Marks and Fry [17] in their paper on their detection and identification of amphetamine and morphine in urine, used a slight modification of Dole's method. An acidic extraction with ether was followed by a second ether extraction at high pH. This extract, designed to remove amphetamines, was then dried with anhydrous sodium sulphate, a procedure which in our experience can cause losses of up to 90 % of amphetamine due to absorption on the salt. Thinlayer chromatography on the concentrated extract followed, with detection by the sensitive Fast Blue B reagent. In view of their drying and evaporation procedures, a gross loss in sensitivity was to be expected; they state, however, that for definitive identification of amphetamine and its congeners further confirmation by gas-liquid chromatography is essential, since the metabolites of amitriptyline, nortriptyline and imipramine have similar chromatographic and tinctorial properties on T.L.C. For narcotic detection, the procedure became more complex, following basically the technique of Dole [15] , in which the drugs were taken on to a cation-exchange resin and eluted with two-phase buffer solutions.
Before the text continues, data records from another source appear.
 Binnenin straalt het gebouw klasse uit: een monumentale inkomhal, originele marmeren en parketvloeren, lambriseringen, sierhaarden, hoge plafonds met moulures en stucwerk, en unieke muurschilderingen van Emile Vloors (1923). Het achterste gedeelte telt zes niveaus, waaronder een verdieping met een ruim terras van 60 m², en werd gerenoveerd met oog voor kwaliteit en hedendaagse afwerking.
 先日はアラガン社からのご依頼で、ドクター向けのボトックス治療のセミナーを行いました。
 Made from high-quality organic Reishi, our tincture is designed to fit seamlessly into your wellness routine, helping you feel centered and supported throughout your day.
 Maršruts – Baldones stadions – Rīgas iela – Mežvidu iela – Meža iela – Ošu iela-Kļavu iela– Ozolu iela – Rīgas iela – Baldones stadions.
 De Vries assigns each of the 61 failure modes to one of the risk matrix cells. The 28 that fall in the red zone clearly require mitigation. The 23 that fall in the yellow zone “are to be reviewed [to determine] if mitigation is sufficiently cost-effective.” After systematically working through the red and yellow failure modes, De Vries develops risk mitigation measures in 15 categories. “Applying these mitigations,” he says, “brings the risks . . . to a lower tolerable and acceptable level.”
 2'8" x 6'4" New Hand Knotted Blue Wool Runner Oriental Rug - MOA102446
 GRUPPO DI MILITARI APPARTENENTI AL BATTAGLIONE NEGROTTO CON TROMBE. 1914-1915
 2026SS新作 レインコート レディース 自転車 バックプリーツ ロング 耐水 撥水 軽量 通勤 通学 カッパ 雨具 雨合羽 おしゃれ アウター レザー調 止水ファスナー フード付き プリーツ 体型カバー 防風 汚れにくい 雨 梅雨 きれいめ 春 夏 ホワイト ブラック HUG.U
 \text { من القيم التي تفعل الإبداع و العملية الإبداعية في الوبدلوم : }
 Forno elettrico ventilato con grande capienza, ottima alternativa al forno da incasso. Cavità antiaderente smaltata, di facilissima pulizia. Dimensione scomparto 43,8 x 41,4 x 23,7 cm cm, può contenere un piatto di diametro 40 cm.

Their running solvent for the subsequent T.L.C. consisted of ethyl acetate: methanol: concentrated ammonium hydroxide (170:20:10) and iodoplatinate was used as a spray reagent. As a confirmatory test for morphine, the latter was eluted from the plate, converted to pseudomorphine and its fluorometric emission and activation spectrum determined. (We have been unable to reproduce this last step in the procedure, which itself suffers from the same criticisms of time consumption and complexity as that of Dole.)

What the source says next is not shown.